I was really getting depressed about things and our finances were aggravating the problem. Despite the need for money, I knew it was very important for the boys that I stay home with them. I suggested to Paul Timber‘s brilliant idea of working daycare at a gym (it had the added bonus that maybe I’d be able to work on my love handles at a discount) but he vetoed it saying that it just didn’t feel right. Anytime I brought it up he countered with “if you really want to do daycare you shouldn’t work for someone else for peanuts but just start your own.” It was a sure-fire way to shut me up.
I logged a lot of hours on careerbuilder.com and other job sites, looking for things I could do from home. I didn’t care if it was mind-numbing data-entry. I just wanted something I could do without shipping the kids off to daycare (because if I was going to do that I’d might as well renew my teaching certificate, get a California license, and go back to teaching.)
I was getting desperate and almost signed up for a scam medical transcription company. Finally I checked Craigslist even though previous experience had shown me that the site was more scams than anything else by now. The listing was written for me: private tutoring for a boy starting CVHS, 5-6pm daily.

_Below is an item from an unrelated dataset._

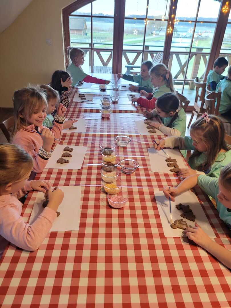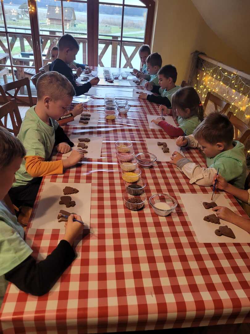 Nasze przedszkolaki gotowe na Święta 🎄☃️🎁 Ostatnie dni były dla klasy "0" bardzo aktywne. Dzieci wzięły udział w świątecznych warsztatach edukacyjnych " Od karpika do piernika ". Przedszkolaki miały okazję zobaczyć prawdziwy strój rybaka, uczestniczyły w spektakularnym pokazie ryb 🐟🐟, a także karmiły daniele marchewkami 🥕🥕 . Aby podtrzymać świąteczną tradycję, samodzielnie wykonały kolorowy lukier z barwnikami z pietruszki , buraka i cytryny, a następnie udekorowały pierniki, również naturalnymi posypkami. Nie zabrakło też gier i zabaw.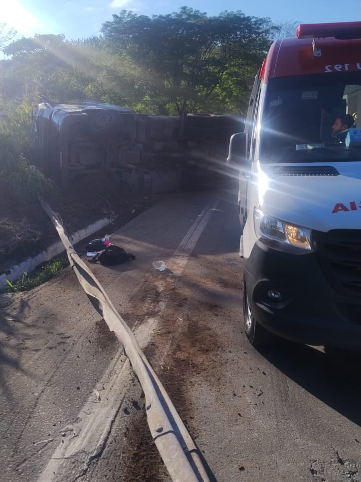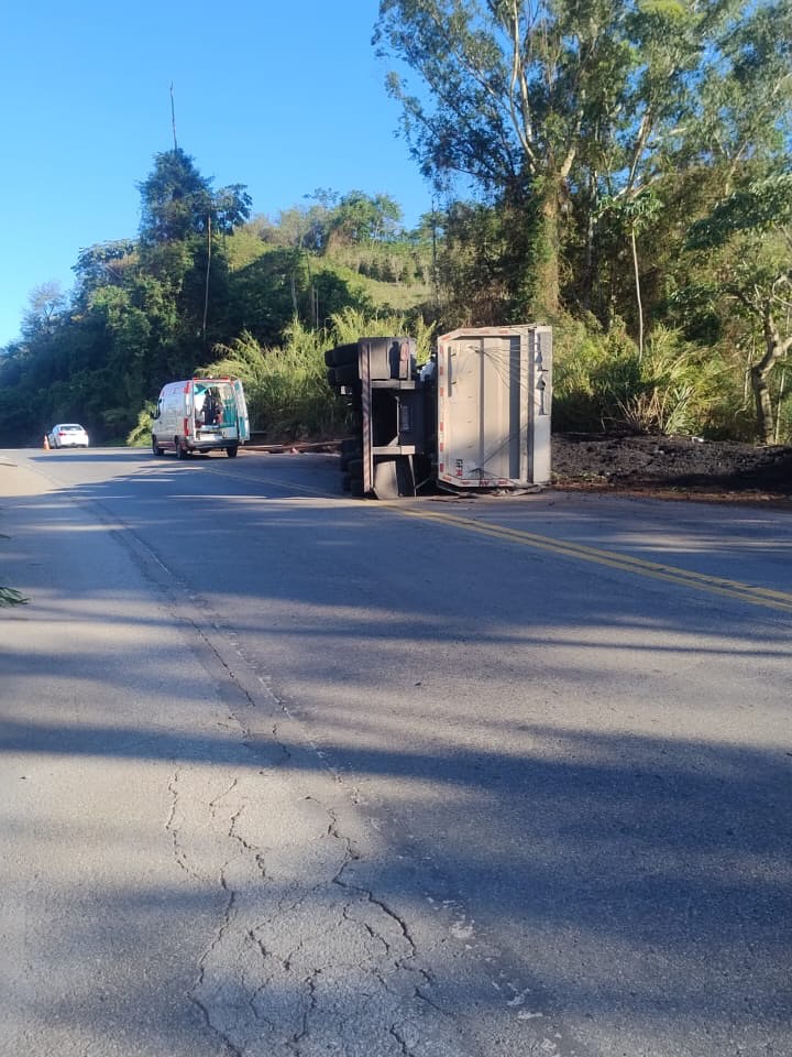 Segundo as informações iniciais, o condutor da carreta sofreu apenas escoriações. O veículo ainda será removido da pista.

I responded. I didn’t even have to think twice about my boys — I would need babysitting for less than an hour before Paul came home. The man (father of potential student) replied quickly and we exchanged a few emails that morning and scheduled an interview that evening.
Then he wrote back saying he had forgotten that he had something else going on that night and could I please meet at his workplace instead? He sent me the address which was near here, on San Fernando Blvd, and explained there was no suite number as it was a two-story warehouse.
Briefly I panicked. What was I doing meeting a stranger at a warehouse in Atwater? Certainly I would leave the address with Angela (the neighbour watching the boys) and Paul. If I was not home by 5:35 they should call the cops.
I checked out his company from his email address and found a photo of the warehouse on the website. My fears were assuaged, I was meeting at a real place.
On the drive over I prayed that he and I would both know immediately if it was a good fit. I knew before I got out of the car that I had the job. The interview was a formality to make sure I was on board after hearing about his son, and to make sure I was interested in staying for the whole four years. I told him, honestly, that we had no plans for the future but that my husband liked his job.
He didn’t seem to blink at the number I requested for my rate. (Haha, because it’s the same amount I charged 4 years ago in Virginia!) I should have asked for more. Oh well, I will next year.
That was two weeks ago. It marked a major turnaround in my moods, just knowing that while my gig wouldn’t take us out of the hole, it would help. It felt good to know that I was helping.
I’ve worked three days already. I like the boy, Daniel, and I think we relate well. It’s not hard work, but it’s enough that I feel like a grownup.
I’ve already learned my first Korean word, An-Yang, it means hello. (I hope he’s learned something from me, too!)